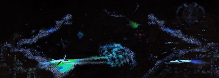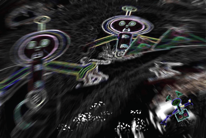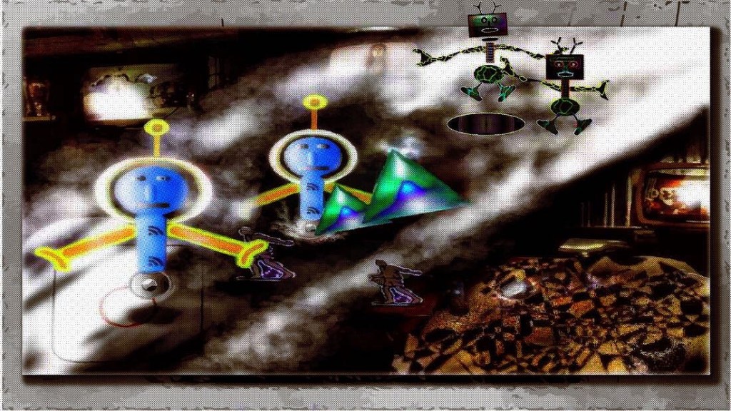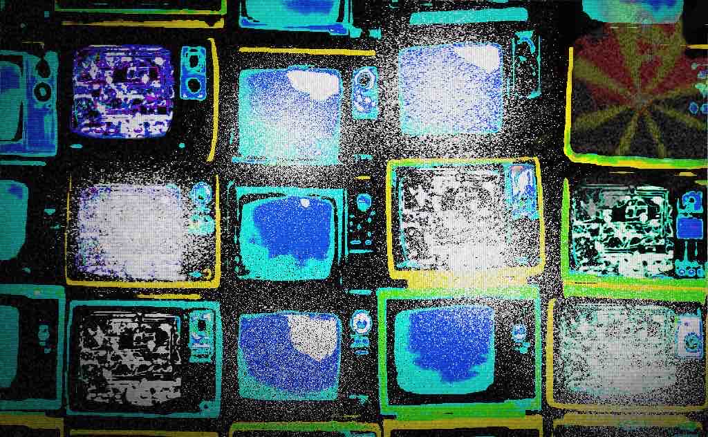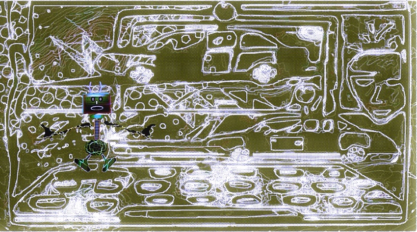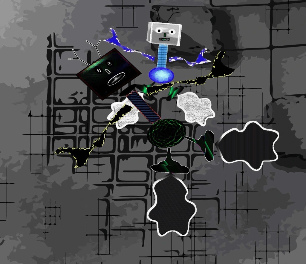 These skulls on the TVs formed like automatically without me trying to form them and based on another design I added to the TV sets:
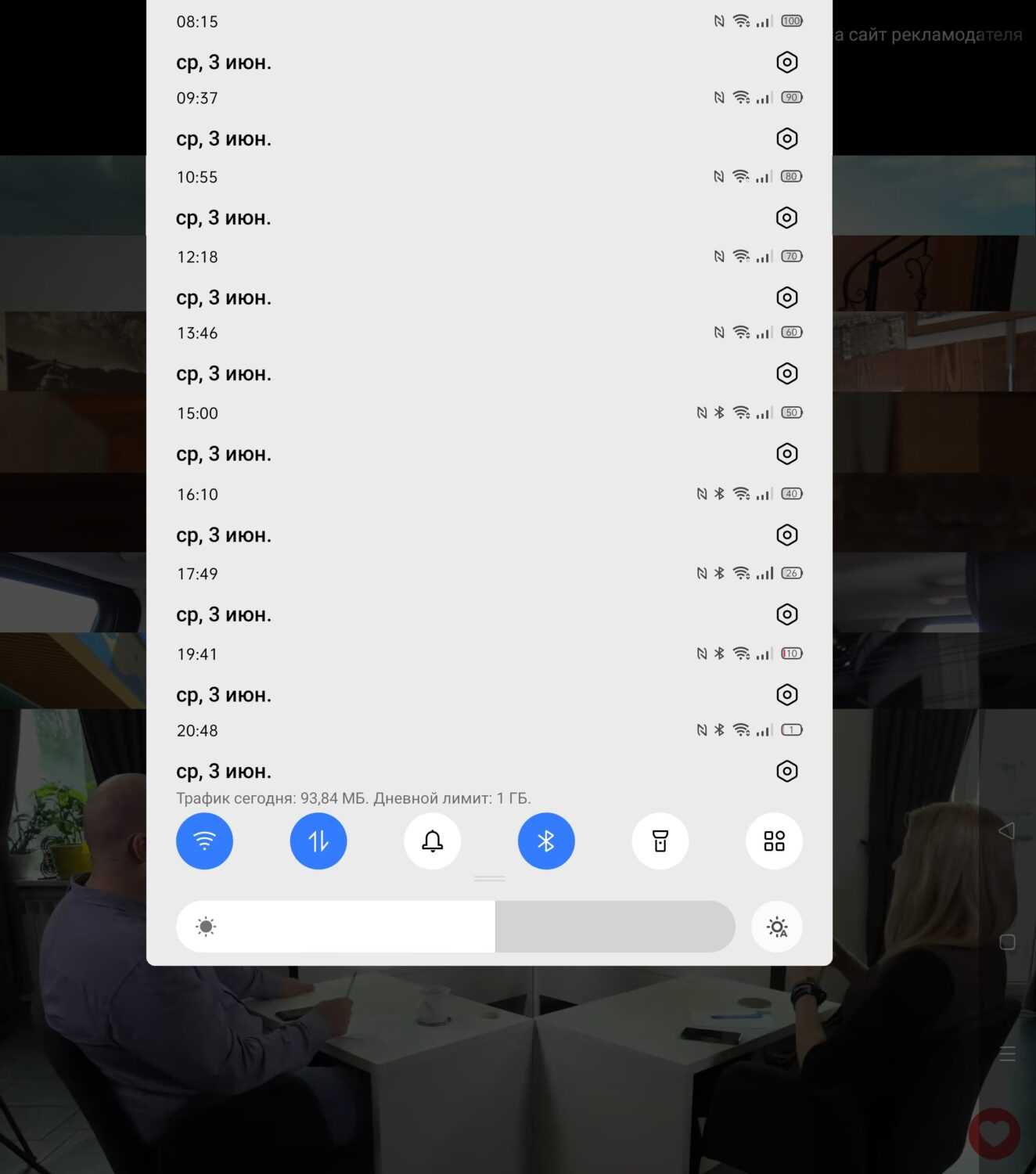 Но перейдем к более практичным тестам. YouTube запущен в 8:15, яркость на среднем уровне, авторегулировка отключена. Проработал он до 20:54.
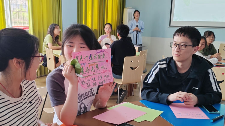 “向陽花”大學(xué)生危機(jī)預(yù)控工作室項目負(fù)責(zé)人、生物學(xué)院輔導(dǎo)員張俊華帶領(lǐng)的“贊出高情商”團(tuán)輔活動,通過“動物大集合”“相見歡,滾雪球”“贊美三段論”“正向八卦”“贊美卡片分享和制作”等環(huán)節(jié),讓同學(xué)們感受到贊美的意義和力量、善于發(fā)現(xiàn)個人平時忽略掉的閃光點,在增強(qiáng)學(xué)生自信心的同時學(xué)會高情商地贊美他人,從而增進(jìn)人際交往能力。
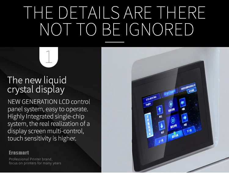 УФ-принтер с плоской панелью, также известный как универсальный принтер с плоской панелью или струйный УФ планшет, прорывается через узкое место технологии цифровой печати и достигает уровня взгляда с одной страницы без создания пластины и полноцветной печати изображений в одно время в истинном направлении. По сравнению с традиционной технологией печати, она имеет много преимуществ. EraSmart UV планшетный принтер использует стабильную технологию платформы и расширенный режим шагового двигателя. Он сочетает в себе инфракрасное, лазерное позиционирование, водяное охлаждение и воздушное охлаждение, чтобы удовлетворить долгосрочные требования к непрерывной работе. Он имеет широкий диапазон печати и может печатать продукцию в пределах 130 мм высоты. EraSmart UV струйный принтер может быть напечатан с почти неограниченным материалом. Например, мобильный телефон чехол, каменная Камея, акриловая доска, кошелек, индивидуальная стальная пленка, обои, керамическая плитка, u-диск, CD-ROM, стекло, ABS, ПВХ и т. Д.
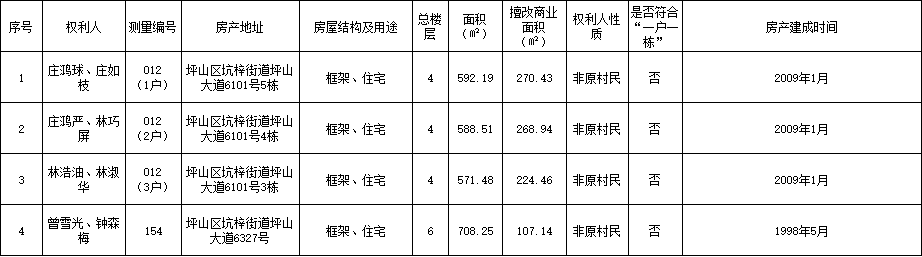 根据《深圳市坪山区坪山大道综合改造工程(北段)》项目的相关规定,我办事处已对本项目范围内房地产进行了相关确权工作,现将确权结果予于公示:

########################################

WHAT IS NEEDED
Retype the records verbatim, excluding each image they hold.

EXPECTED ANSWER
 These skulls on the TVs formed like automatically without me trying to form them and based on another design I added to the TV sets:
 Но перейдем к более практичным тестам. YouTube запущен в 8:15, яркость на среднем уровне, авторегулировка отключена. Проработал он до 20:54.
 “向陽花”大學(xué)生危機(jī)預(yù)控工作室項目負(fù)責(zé)人、生物學(xué)院輔導(dǎo)員張俊華帶領(lǐng)的“贊出高情商”團(tuán)輔活動,通過“動物大集合”“相見歡,滾雪球”“贊美三段論”“正向八卦”“贊美卡片分享和制作”等環(huán)節(jié),讓同學(xué)們感受到贊美的意義和力量、善于發(fā)現(xiàn)個人平時忽略掉的閃光點,在增強(qiáng)學(xué)生自信心的同時學(xué)會高情商地贊美他人,從而增進(jìn)人際交往能力。
 УФ-принтер с плоской панелью, также известный как универсальный принтер с плоской панелью или струйный УФ планшет, прорывается через узкое место технологии цифровой печати и достигает уровня взгляда с одной страницы без создания пластины и полноцветной печати изображений в одно время в истинном направлении. По сравнению с традиционной технологией печати, она имеет много преимуществ. EraSmart UV планшетный принтер использует стабильную технологию платформы и расширенный режим шагового двигателя. Он сочетает в себе инфракрасное, лазерное позиционирование, водяное охлаждение и воздушное охлаждение, чтобы удовлетворить долгосрочные требования к непрерывной работе. Он имеет широкий диапазон печати и может печатать продукцию в пределах 130 мм высоты. EraSmart UV струйный принтер может быть напечатан с почти неограниченным материалом. Например, мобильный телефон чехол, каменная Камея, акриловая доска, кошелек, индивидуальная стальная пленка, обои, керамическая плитка, u-диск, CD-ROM, стекло, ABS, ПВХ и т. Д.
 根据《深圳市坪山区坪山大道综合改造工程(北段)》项目的相关规定,我办事处已对本项目范围内房地产进行了相关确权工作,现将确权结果予于公示:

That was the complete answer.